Cultural Studies recently published a special issue on the theme of “Mediating Affect” (edited by Sarah Cefai). I’m so pleased to be a part of it with my article, “Fictive Intimacies of Detention: Affect, Imagination and Anger in Art from Guantánamo Bay.” This project is, essentially, a critique of the fetishization of detainee cultural production, on the grounds that it frequently shades into a minimization of the harms of detention and depends on the occlusion of detainee political subjectivity.
For many American critics of the ongoing war on terror, the detainees held at places like Guantánamo Bay function as objects of intense affective investment,generating anger, sympathy, or pity. But with very few exceptions, the people who experience such feelings for the detainees will never meet them. Kept unbridgeably distant from outsiders, these detainees embody political subjectivities that are unknowable (and perhaps unthinkable) to the people inspired to outrage by their circumstances. In this paper, I query the role of mediation in sustaining these lopsided affective connections, which depend on imagining the detainees: who they are, what they want, and how they feel. This imagination has lately been facilitated by access to artistic productions by the detainees, their writings, and visual art; I argue that these objects provide outsiders with a tantalizing but fictive experience of intimacy with their creators. Heavily promoted and explicitly framed as windows on detainee interiority, these works are generally circulated without any explanation from the detainees themselves, as if their meaning is self-evident and their emotional content is transparently expressive. Yet, the anger of the detainees cannot fully appear in any of these displays, and this occlusion enables the art to function as a conduit for affective investments in the detainees. Most descriptions of affect emphasize its essential intersubjectivity, the ways it spreads, catches, and circulates between bodies, but the desired affective linkage in this case is predicated on, and perhaps animated by, the inaccessibility of the other bodies involved. The imagination required to sustain it, I suggest, depends on the construction of the detainees as passive and apolitical, with their artistic productions as supporting evidence.

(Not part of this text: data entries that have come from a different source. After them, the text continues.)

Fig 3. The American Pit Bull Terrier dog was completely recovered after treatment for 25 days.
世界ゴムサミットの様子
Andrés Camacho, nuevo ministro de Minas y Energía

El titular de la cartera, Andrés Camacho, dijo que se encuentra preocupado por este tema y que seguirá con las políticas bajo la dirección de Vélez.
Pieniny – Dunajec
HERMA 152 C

Earlier this month, Critical Studies in Media Communication published my article on ISIS and infographic visual practice.

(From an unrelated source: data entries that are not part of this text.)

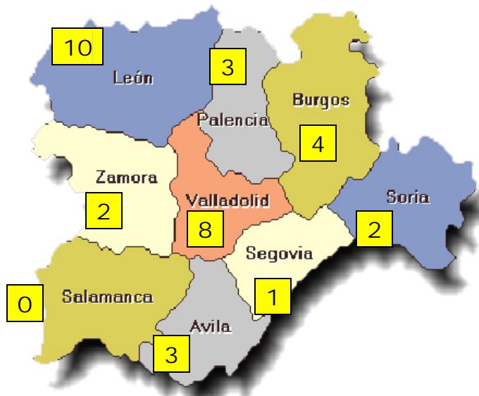
Victimas de accidentes de trabajo mortales en puesto de trabajo en Castilla y León. Origen de los datos: elaboración propia.
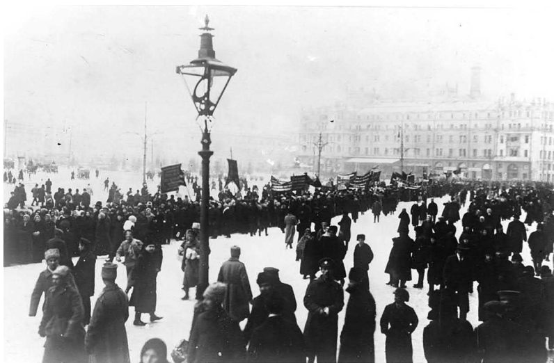
Рис. 3. «Красные похороны» в Москве, ноябрь 1917 года

ленную большевистскую идентичность, которая, вероятно, была неизвестна им при жизни [Лежава, Русаков 1924] 121 .
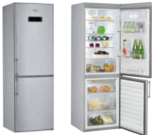
WBE 33772 NFC TS RÉFRIGÉRATEUR COMBINÉ NOFROST 6 TH SENSE FRESH CONTROL

The article is part of a special issue, edited by the Mehdi Semati and Piotr M. Szpunar entitled “ISIS Beyond the Spectacle: Communication Media, Networked Publics, Terrorism.” I was eager to contribute not only because Mehdi and Piotr sent me a very flattering invitation, but also because their project coheres with my methodological commitment to looking past the most obvious visual artifacts and practices of militarized violence.
Here is the abstract:
Compared to the more spectacular elements of its media repertoire—the slick recruitment campaigns on social media, the artfully composed battlefield footage, the grisly executions—I.S.I.S.’s infographics may seem dull, even trivial. Indeed, these data visualizations have gone largely unremarked, eliciting more bemusement than serious consideration. Against the tendency to discount these images, however, I argue that when I.S.I.S. turns toward charts and diagrams to represent its operations, it launches a stealthy but substantial epistemological challenge to media outlets that depict it as backward and irrational and rely on command of information as an index of Western power. Comparing infographics produced about I.S.I.S. and those produced by the group, I demonstrate that, despite their obvious differences, both types of infographics evince common preoccupations. Like Western news sources, I.S.I.S. creates infographics to map attacks, plot territorial gains, tally and categorize casualties, and track the types of weapons deployed. News media and I.S.I.S. infographics diverge primarily in their affective resonance, as similar information signifies in radically different ways. Ultimately, by producing and circulating these infographics, I.S.I.S. renders simultaneously renders itself more and less intelligible to outsiders: encapsulating its story while confounding prevailing representations as it weaponizes information.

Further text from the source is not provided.